In practice, the proposed method is already rather good at recognizing vehicle images in real-world traffic scenes. This is because the proposed method uses images that come directly from the dashboard camera without any image enhancement processes. Based on the evaluation results, the method works very well in several CNN baseline architectures, which bodes well for its practical application. However, in this study, we have not built a computer that can be placed in a car and used as a processing unit to run our proposed method.

7. Conclusions

In this paper, a novel architecture with a multi-task learning approach has been proposed for a highly similar vehicle model. Utilizing the CNN baseline architecture as a feature extractor, a novel architecture is able to produce output for two tasks simultaneously, namely vehicle brand recognition and vehicle model recognition. VGG-16 MT is the proposed architecture with the best performance compared to the other five architectures. The VGG-16 MT reaches an accuracy score of 98.73% for the vehicle brand classification task and 97.69% for the vehicle model classification task. In terms of validity, the VGG-16 MT produces a macro average F1-Score of 0.98 and 0.97 for the vehicle brand and vehicle model classification tasks, respectively. In this study, it is known that Daihatsu is the most difficult brand to classify and Agya–Ayla is the most difficult model pair to classify.
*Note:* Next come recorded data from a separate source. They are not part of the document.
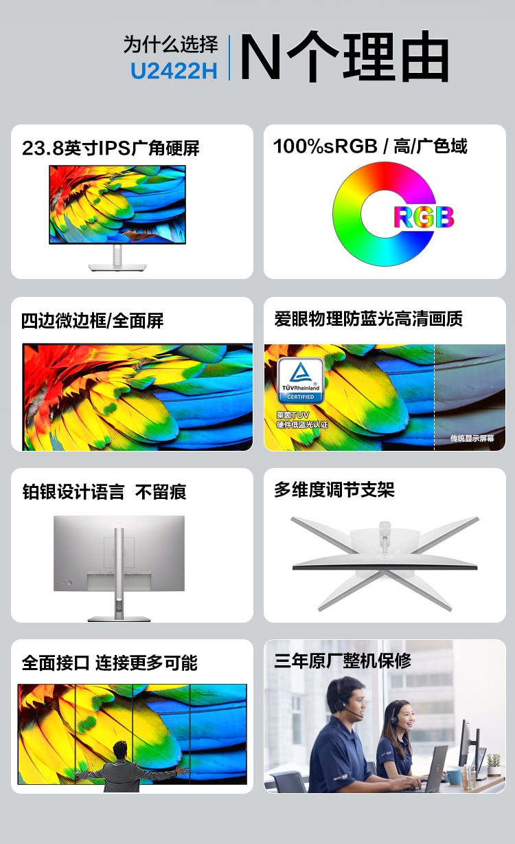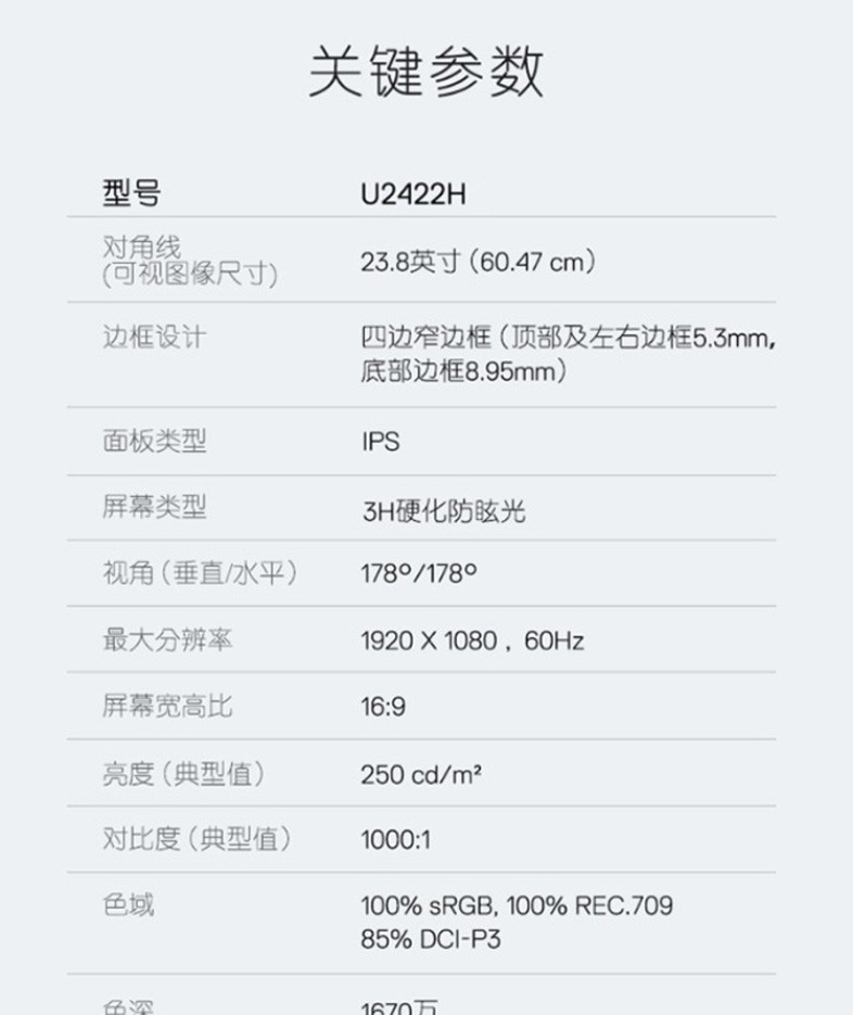 戴爾(DELL) U2422H 23.8英寸顯示器(HDMI+DP接口)U2419升級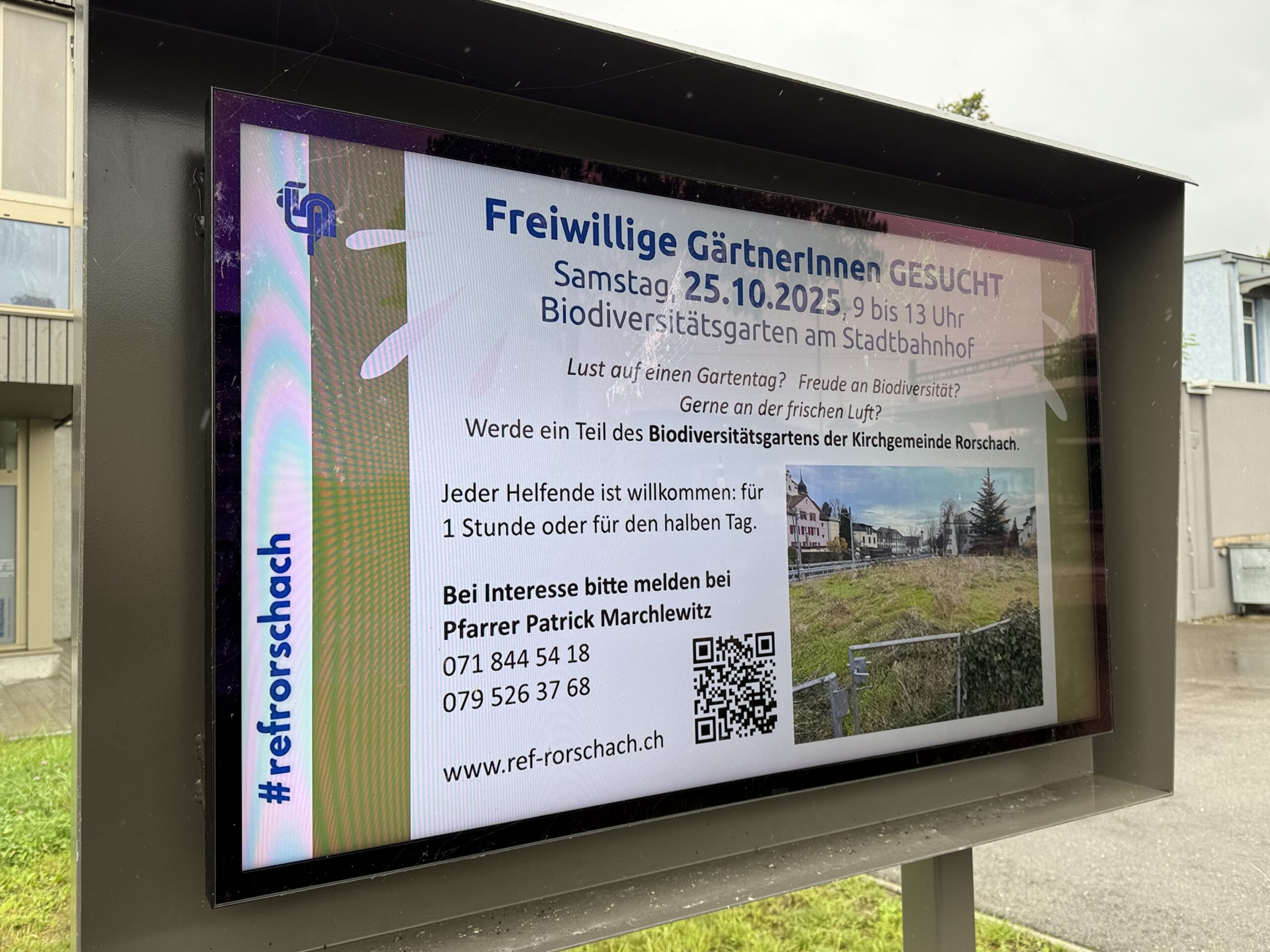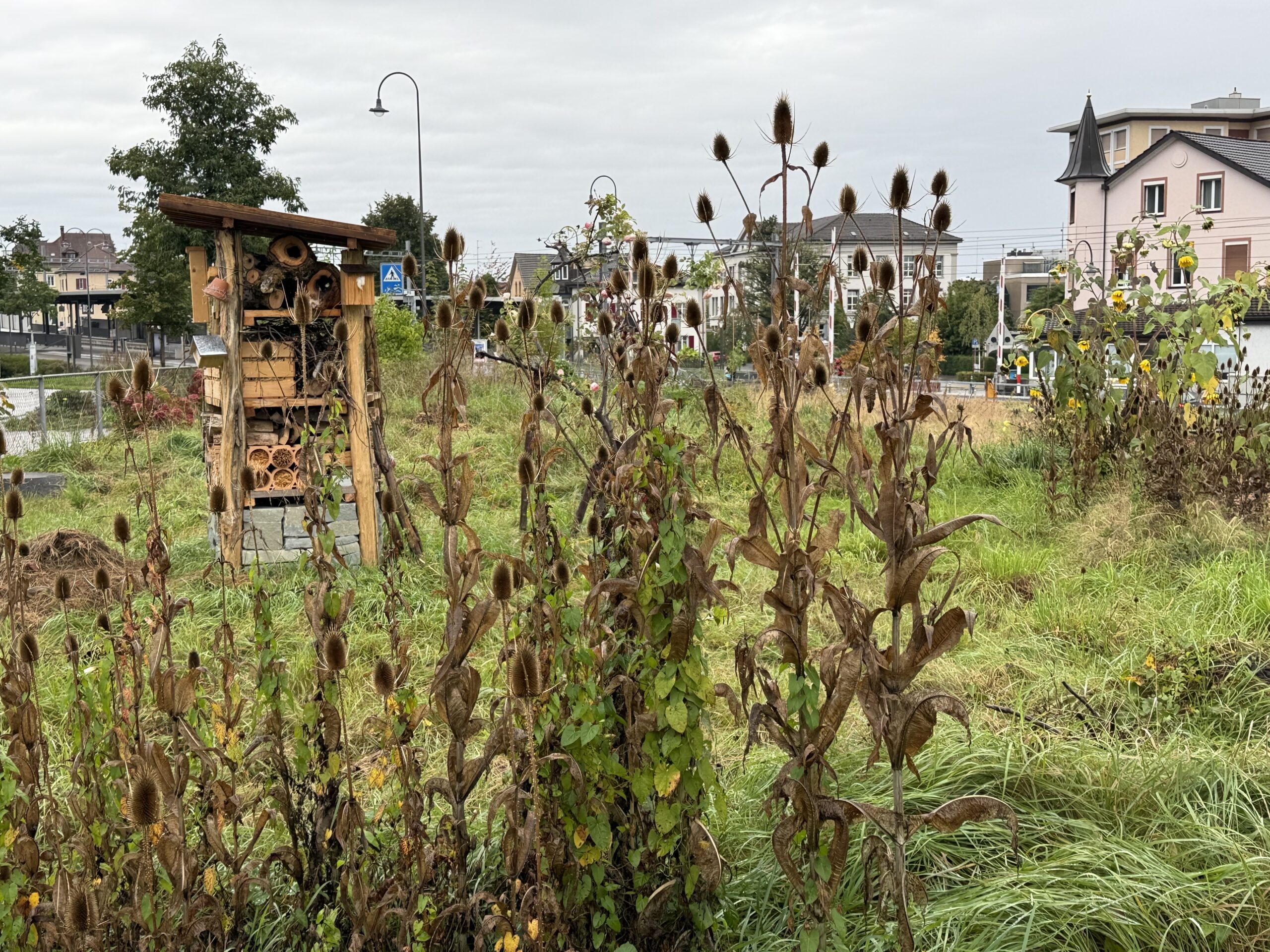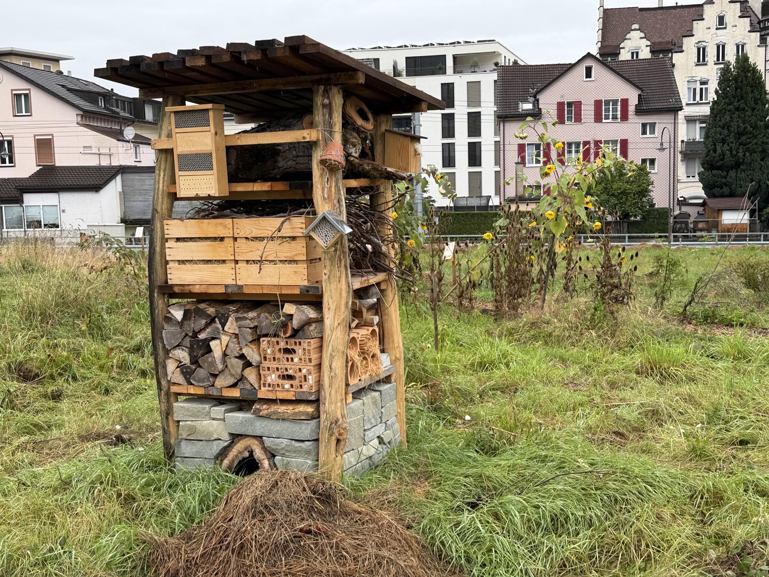 Die Gruppe „klimaktiv Rorschach“ ist weiterhin sehr aktiv unterwegs und nach wie vor herrscht emsiges Treiben rund um den Biodiversitätsgarten an der Ecke zwischen Eisenbahn-, Promenaden- und Signalstrasse. Und natürlich findet man auch auf diesem Areal einen Lebensturm.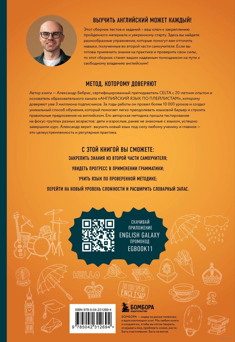 Перед вами рабочая тетрадь ко второму самоучителю Александра Бебриса "Английский для начинающих. Повышаем уровень A1-A2". Это практическое пособие, которое помогает уверенно продвинуться от A1 к A2: вы системно повторяете ключевую лексику и грамматику, развиваете навыки чтения и письма и закрепляете материал через разнообразные задания и тематические тесты. Четкая структура и постепенное усложнение делают занятия понятными и результативными, а итоговые проверки позволяют оценить уровень подготовки.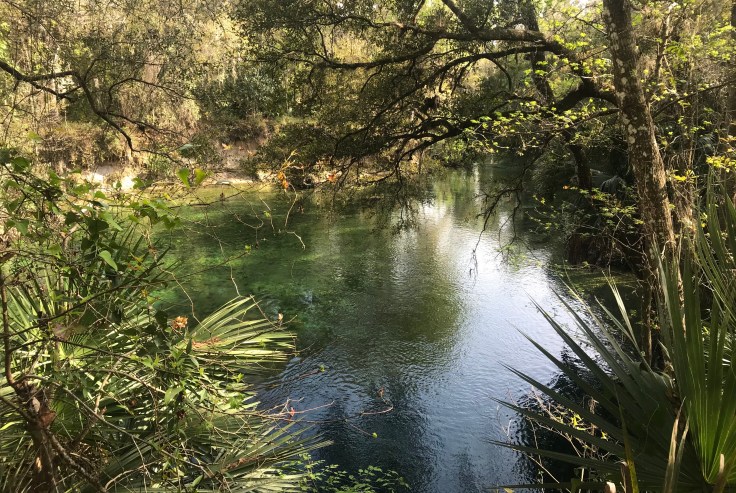 Blue Springs State Park is a delightful secret. Glen casually mentioned this park to us yesterday and we thought we should check it out. Admittably the weather was pleasant, but this park is loaded with manatees, fish and waterfowl in the clearest water you’ve ever seen. We saw manatees swim to kayaks!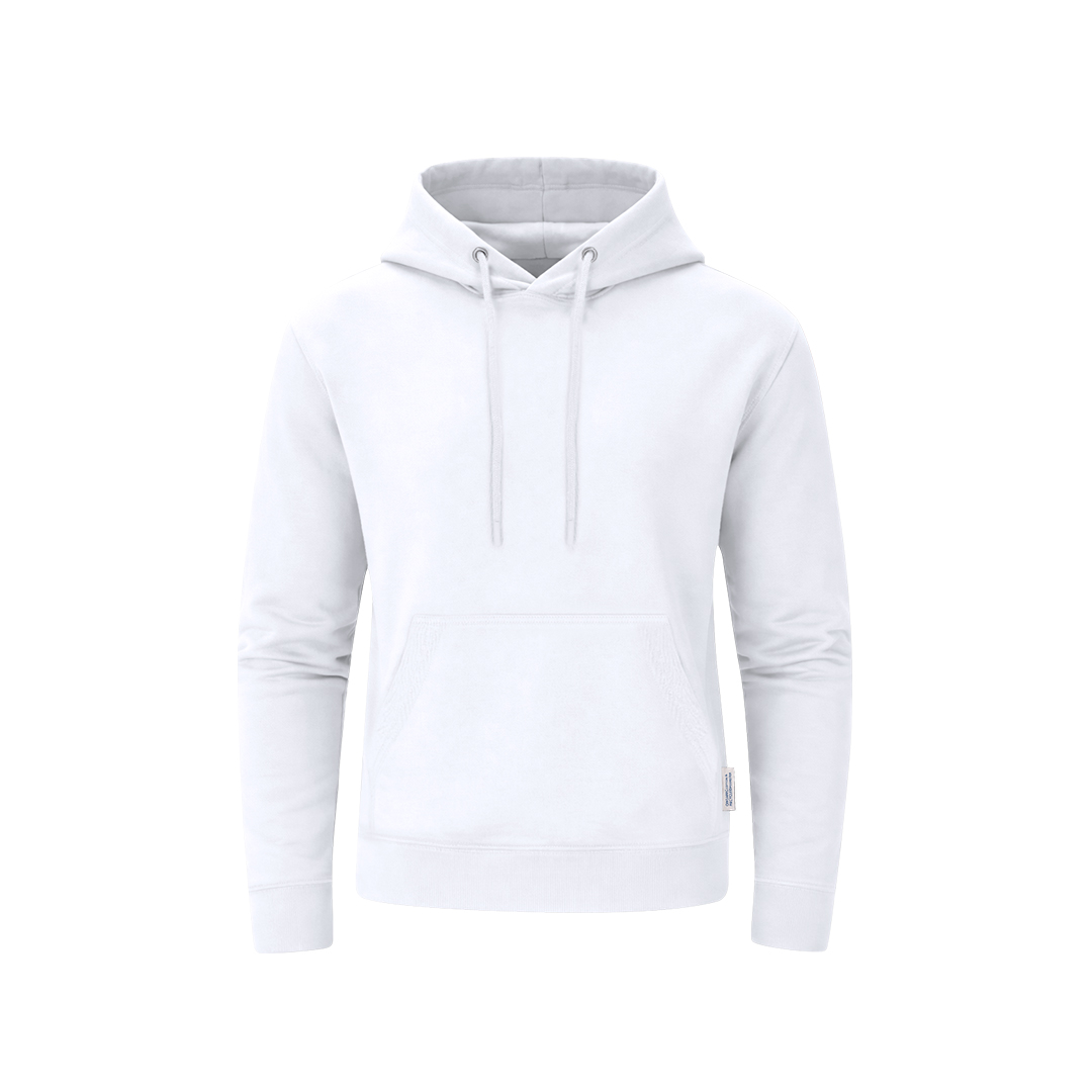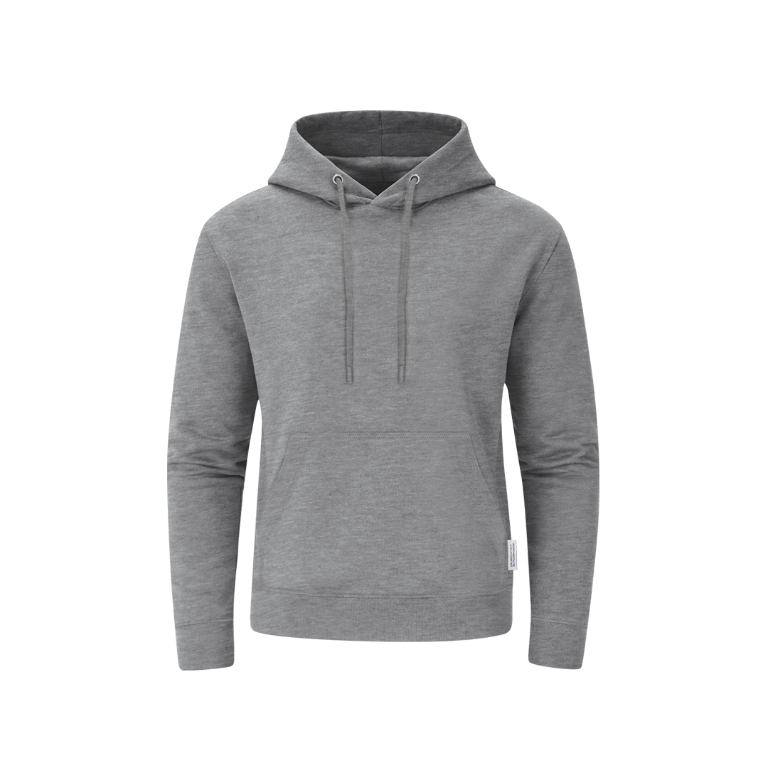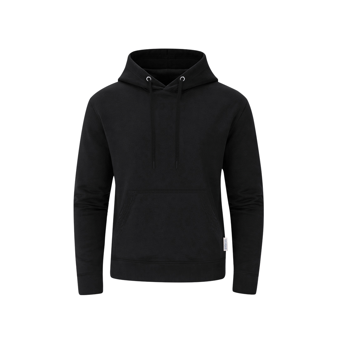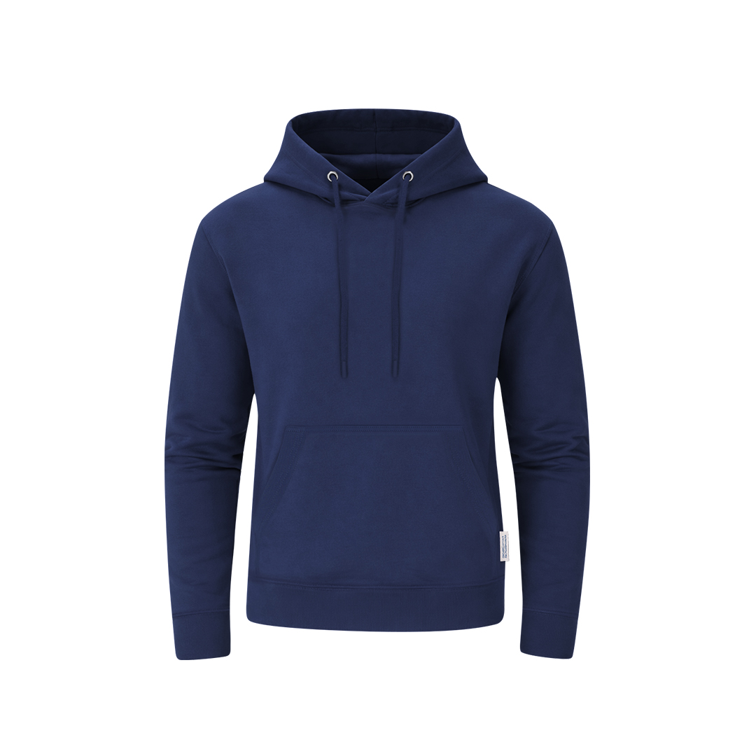 Sudadera con capucha Unisex de Algodón Orgánico y Poliéster Reciclado, en suave felpa perchada de 280 g/m2. Con capucha forrada de doble capa, cordones redondos ajustables -con topes a juego- y ojales metálicos. Puños y cintura de punto canalé de elastano y bolsillo frontal tipo canguro. Cubrecosturas reforzado en cuello, con etiqueta distintiva eco. 60% Algodón Orgánico/ 40% Poliéster RPET 280 g/ m2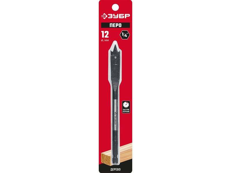 ЗУБР 12x152мм, Сверло перовое по дереву, с боковыми подрезателями

Overall, the proposed method has many advantages over the baseline CNN architecture. First, the proposed method improves the CNN’s basic architecture by preventing the network from becoming trapped in a local minimum while it is being trained. Second, the proposed method can deal with unbalanced and highly similar vehicle datasets. It is inevitable that the number of car models in the real world will never be balanced, and some of them look very similar. Last but not least, the proposed method uses a multi-task learning approach to provide a more efficient solution for vehicle brand and vehicle model classification. Multi-task learning allows for the proposed method to perform feature extraction once and then send the results to each branch to perform classification.

The following aspects are currently the subject of ongoing work: First, we will improve the InaV-Dash dataset by expanding the vehicle model and vehicle brand. Due to the large number of vehicle models and the fact that almost every year the manufacturer launches a facelifted version of the existing vehicle model, we are challenged to implement a database-updating procedure such as the CARUS system [3] at the dataset expansion stage. Although this procedure is derived from mineral classification problems, it can be applied to any classification problem. This procedure will determine whether a new image needs to be added into the dataset after the image is recognized by the classifier. If the new image’s features are significantly distinct from those of the existing images, it will be added to the dataset. This procedure should make it easy to add more data to a dataset and create a feature-rich image dataset. Second, we will create a system that combines the proposed method with online training and prediction capabilities using input in the form of a video stream from the dashboard camera. This improvement will bring the proposed method closer to its practical application.